The cast list grabbed me. Harry H. Corbett and Michael Medwin. In 1962, Harry had found himself propelled to reluctant prominence in Galton & Simpson’s Steptoe & Son. Harry had studied Stanislavski, worked in Joan Littlewood’s Theatre Workshop and was playing Macbeth in Macbeth at the Bristol Old Vic when he was cast. So he was a serious actor who found his skills had made him into one of the great comedy actors ever on TV. His co-star Wilfred Brambell who played his dad, was not that much older, but in his early 40s was known for playing old men. In 1964 both tried to escape the TV series into film. Brambell was in Hard Day’s Night as Ringo’s dad. Corbett did Rattle of A Simple Man. He was drawn to a successful stage play by Charles Dyer, though in my never-humble opinion, Galton & Simpson were far better writers than Dyer. According to IMDB Peter Sellars rejected the offered role of Percy in the film because the money wasn’t good enough.
Then they cast Michael Medwin as Ginger, the cocky, alpha male in the group of pals. He was another sitcom graduate, this time from The Army Game (TV series 1957-1961). That was the first Granada TV sitcom, and massively popular, with its National Service setting, Medwin was the Sgt Bilko character, Corporal Springer. The dodgy fixer. Both Corbett and Medwin were known for cheerful lovable Cockney roles, and must have both liked the idea of going for a completely different accent, Mancunian. Well, that’s what it says, and I’m not an expert on Lancashire accents, but Corbett sounds more East Lancs mill towns to me. A friend from Accrington has a similar accent and told me that Manchester was its own accent, which is not ‘Lancashire.’
The DVD cover proudly lists Thora Hird as a star, but she is a blink and you’ll miss it cameo.

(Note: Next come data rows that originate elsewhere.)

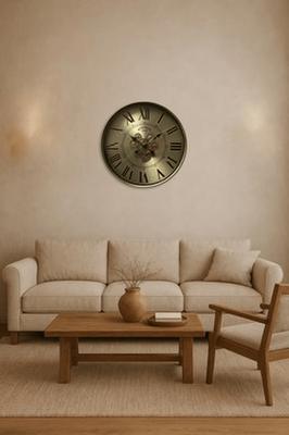 THE NOAH GEAR CLOCK IS A STRIKING STATEMENT PIECE THAT BLENDS INDUSTRIAL CHARACTER WITH TIMELESS DESIGN. FEATURING AN EXPOSED GEAR DETAIL WITHIN AN OVAL FRAME, THIS CLOCK ADDS DEPTH, MOVEMENT, AND VISUAL INTEREST TO YOUR WALL. THE SKELETON-STYLE DESIGN ALLOWS LIGHT TO PASS THROUGH, CREATING A BOLD YET AIRY LOOK. PERFECT FOR LIVING AREAS, HALLWAYS, OR OFFICES, THE OVAL GEAR CLOCK BRINGS A DISTINCTIVE, MECHANICAL EDGE TO BOTH CONTEMPORARY AND CLASSIC INTERIORS.
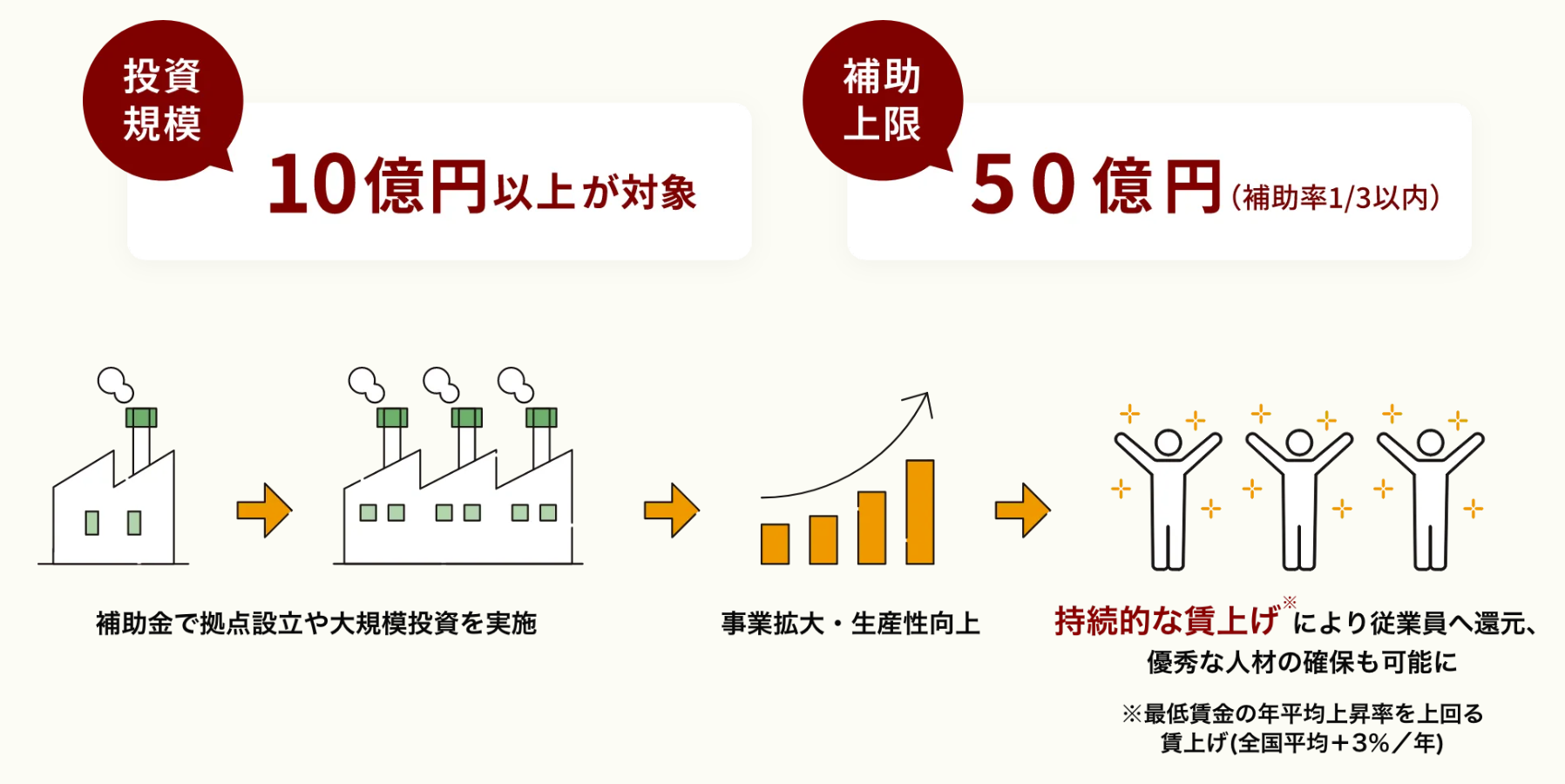 この補助金は、地域の雇用を支える中堅・中小企業が、足元の人手不足等の課題に対応し、成長していくことを目指して行う大規模投資を促進することで、地方における持続的な賃上げを実現することを目的としています。
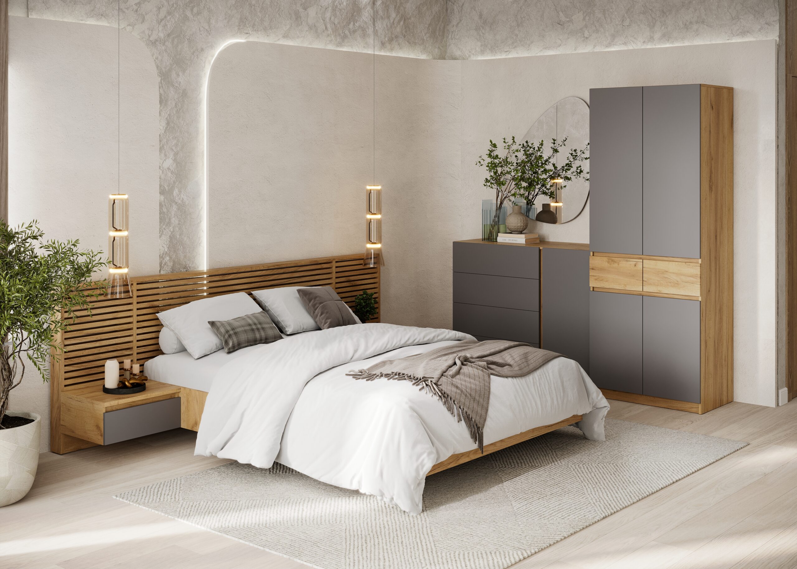 • Фасады без ручек — открываются за фасад (зазоры 30 мм скрыты декоративными планками).
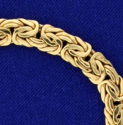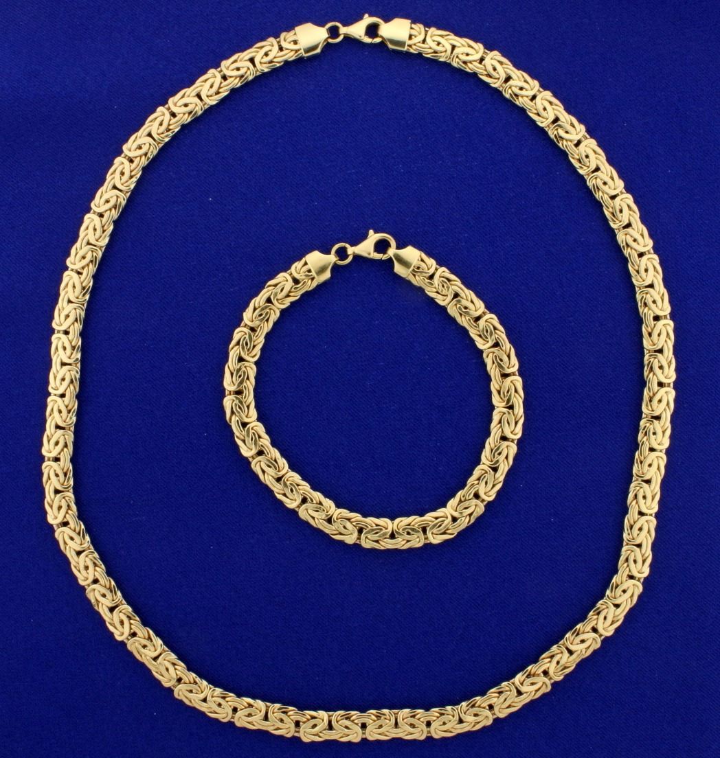 In 14k yellow gold. 18 1/2" necklace and 7 1/2" bracelet. Both 7mm wide and with lobster clasp. 27.3g.
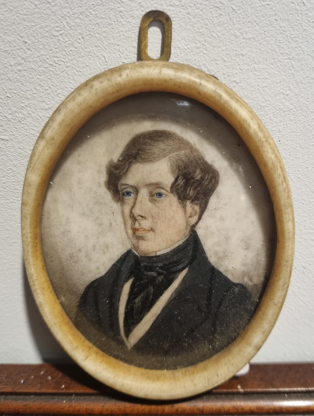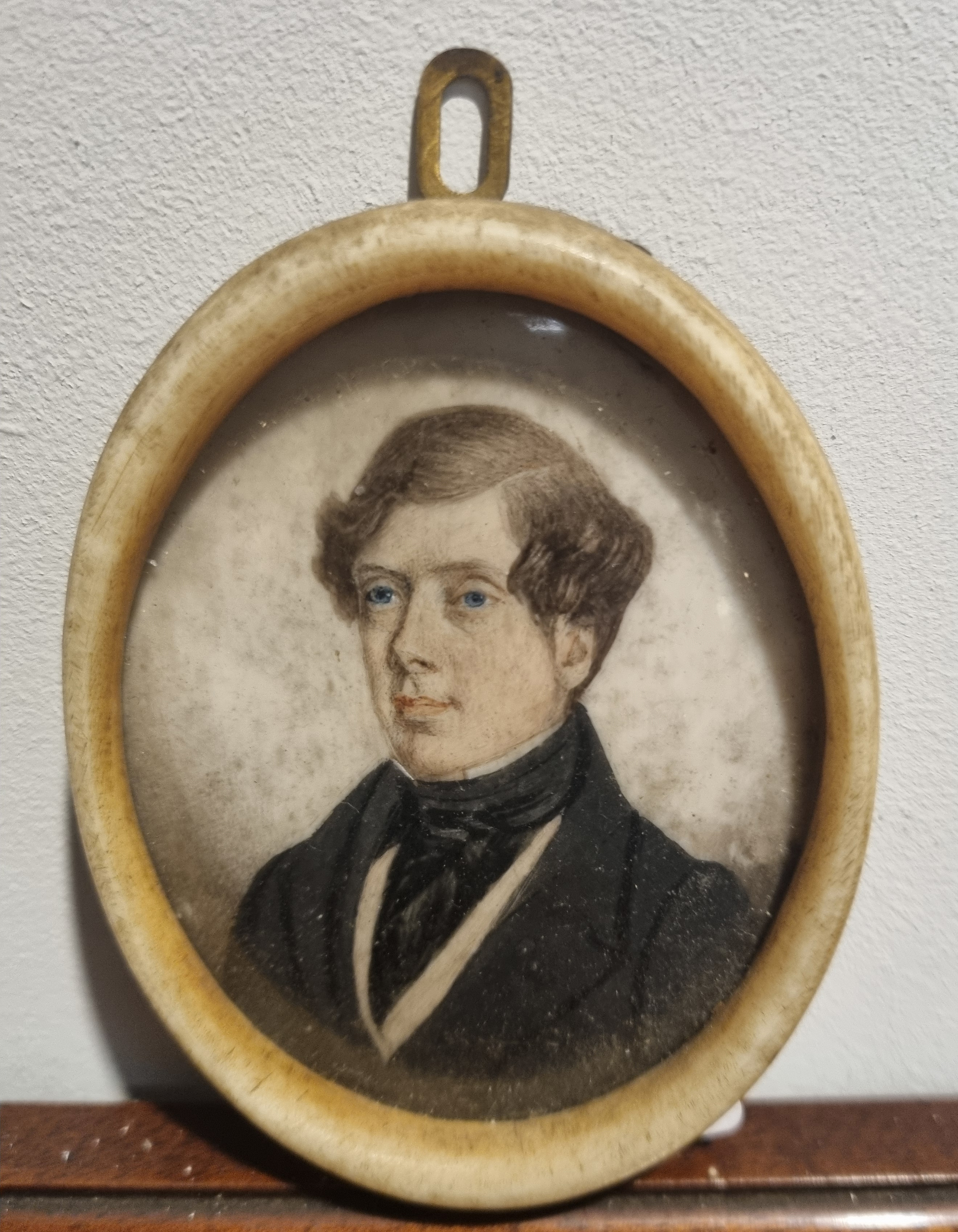 Early 19th century. Watercolour on ivory, showing a seated gentleman in dark coat and white cravat; in small ivory frame.

The co-lead role as Cyrenne is Diane Cilento. That may be where they went wrong. The stage play had featured Edward Woodward and Sheila Hancock as Percy and Cyrenne. Sheila Hancock was a renowned character actor with comedy a speciality. Diane Cilento looks super-model in appearance. I think she’s too glamorous for the role of the tart with a heart of gold. You can imagine her as an escort girl, but hardly turning tricks for a fiver. She was married to Sean Connery at the time. She had just been nominated for an Oscar in 1963 for Best Supporting Actress as Mollie in Tom Jones, and would go on to co-star with Charlton Heston, then with Paul Newman.
The DVD is in the ‘Vintage Classics’ series. That’s overstating it. Let’s just point out that the lead characters are Percy (as in ‘point percy at the porcelain’ meaning urinating in the Barry McKenzie cartoons in Private Eye )and Cyrenne is transparently ‘siren.’
The story is based on Percy, a 39-year old virgin. Add a year and that’d be a good film title. Percy and his mates are ‘Up for the cup,’ having travelled on a fleet of coaches for the cup final. They’re from Manchester and support ‘United’ but no football team is mentioned. Fifteen English teams have ‘united’ in their names, though only one in Lancashire. A little in-joke in the film is when Cyrenne mistakes his town as Scunthorpe (who are a much less famous ‘united’).
Soho was such a popular location for black and white 60s films, that Elstree Studios had a permanent and over-used Soho set. For years, Saturday nights saw Soho thronged with drunken blokes in football scarves, waving their football rattles (what happened to them?) and staggering about to be lured into clip joints with strippers and ludicrously priced drinks. In the film, the coaches back to Manchester leave at midnight, allowing around six hours for getting royally pissed and royally ripped off.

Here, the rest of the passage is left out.